**Try it**: Of the records that follow, copy only the lines from the line containing "Как следует из" to the line containing "Eventually everyone returns", both included, exactly as written.

**Data supplied**:
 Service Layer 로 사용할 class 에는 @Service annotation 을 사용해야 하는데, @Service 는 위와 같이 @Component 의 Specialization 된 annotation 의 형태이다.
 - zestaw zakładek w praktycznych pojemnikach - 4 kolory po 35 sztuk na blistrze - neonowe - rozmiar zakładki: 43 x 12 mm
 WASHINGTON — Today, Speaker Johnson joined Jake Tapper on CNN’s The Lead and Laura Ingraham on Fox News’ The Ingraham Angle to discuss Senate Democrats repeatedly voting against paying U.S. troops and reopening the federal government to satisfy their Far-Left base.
* * *
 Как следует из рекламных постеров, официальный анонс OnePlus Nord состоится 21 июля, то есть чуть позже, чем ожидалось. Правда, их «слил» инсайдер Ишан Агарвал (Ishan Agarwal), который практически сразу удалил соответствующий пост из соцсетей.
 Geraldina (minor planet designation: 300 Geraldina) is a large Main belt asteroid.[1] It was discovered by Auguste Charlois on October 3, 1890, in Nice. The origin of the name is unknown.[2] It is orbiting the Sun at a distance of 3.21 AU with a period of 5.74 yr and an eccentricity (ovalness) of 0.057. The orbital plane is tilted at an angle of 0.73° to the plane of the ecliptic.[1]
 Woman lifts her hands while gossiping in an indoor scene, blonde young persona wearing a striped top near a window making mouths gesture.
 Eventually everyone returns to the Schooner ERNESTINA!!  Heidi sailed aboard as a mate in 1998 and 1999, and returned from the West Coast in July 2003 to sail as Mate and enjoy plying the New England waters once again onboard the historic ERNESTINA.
--
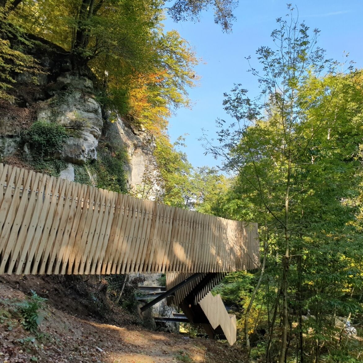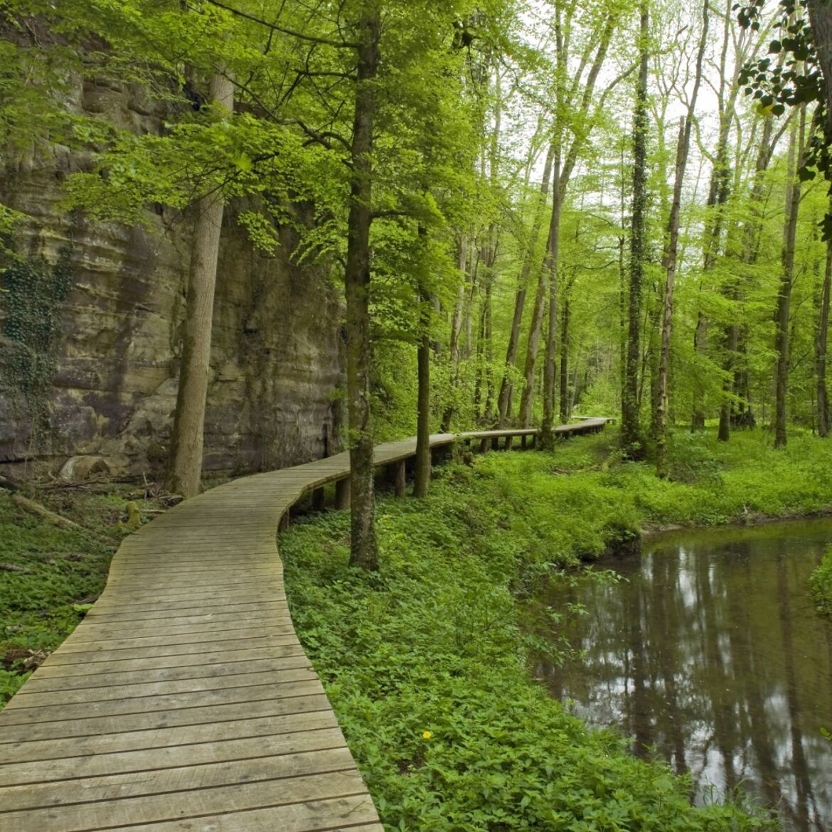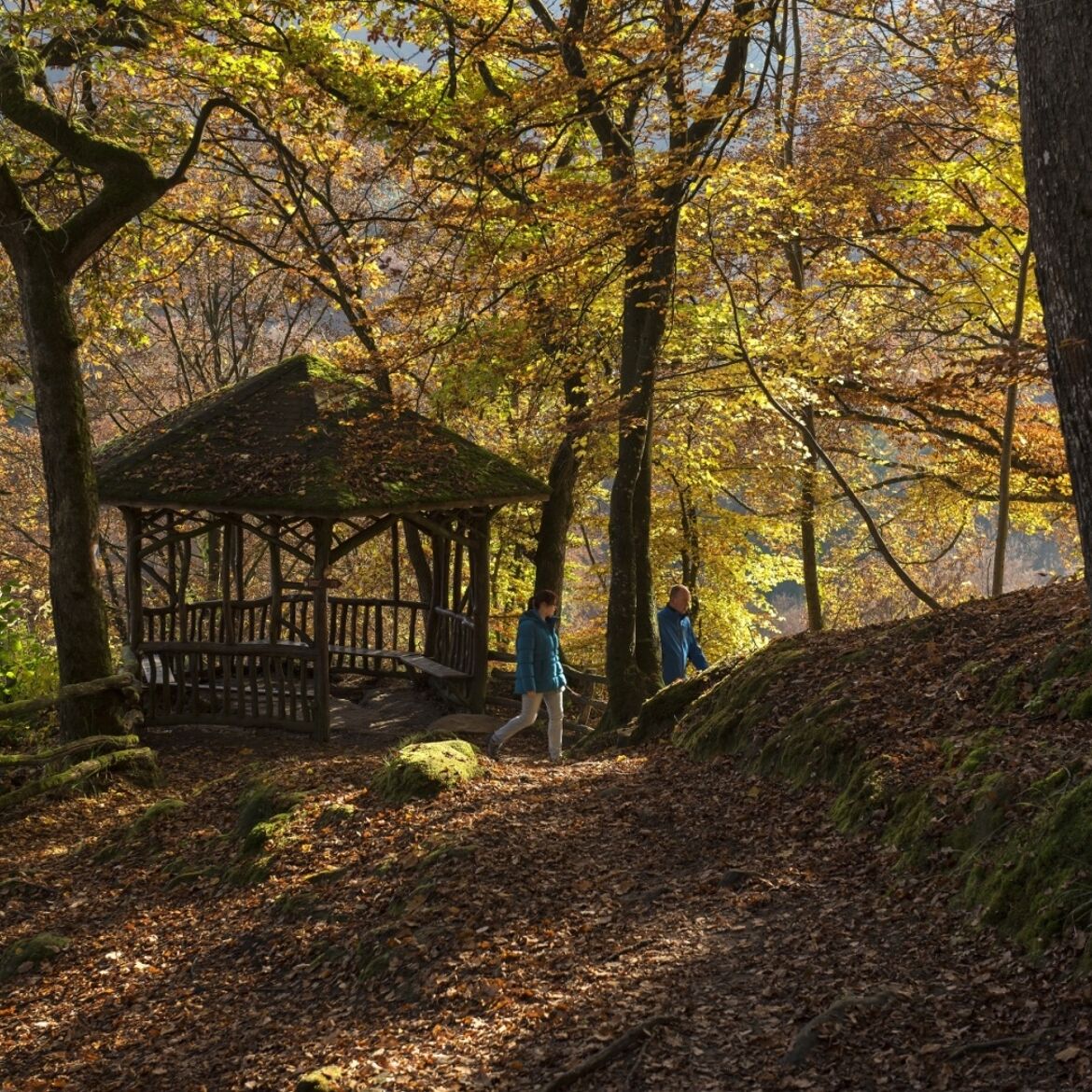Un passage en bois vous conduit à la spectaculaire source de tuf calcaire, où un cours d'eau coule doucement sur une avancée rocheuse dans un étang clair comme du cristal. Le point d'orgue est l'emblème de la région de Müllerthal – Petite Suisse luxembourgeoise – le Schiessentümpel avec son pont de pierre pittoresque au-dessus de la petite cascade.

**Answer space**:
 Как следует из рекламных постеров, официальный анонс OnePlus Nord состоится 21 июля, то есть чуть позже, чем ожидалось. Правда, их «слил» инсайдер Ишан Агарвал (Ishan Agarwal), который практически сразу удалил соответствующий пост из соцсетей.
 Geraldina (minor planet designation: 300 Geraldina) is a large Main belt asteroid.[1] It was discovered by Auguste Charlois on October 3, 1890, in Nice. The origin of the name is unknown.[2] It is orbiting the Sun at a distance of 3.21 AU with a period of 5.74 yr and an eccentricity (ovalness) of 0.057. The orbital plane is tilted at an angle of 0.73° to the plane of the ecliptic.[1]
 Woman lifts her hands while gossiping in an indoor scene, blonde young persona wearing a striped top near a window making mouths gesture.
 Eventually everyone returns to the Schooner ERNESTINA!!  Heidi sailed aboard as a mate in 1998 and 1999, and returned from the West Coast in July 2003 to sail as Mate and enjoy plying the New England waters once again onboard the historic ERNESTINA.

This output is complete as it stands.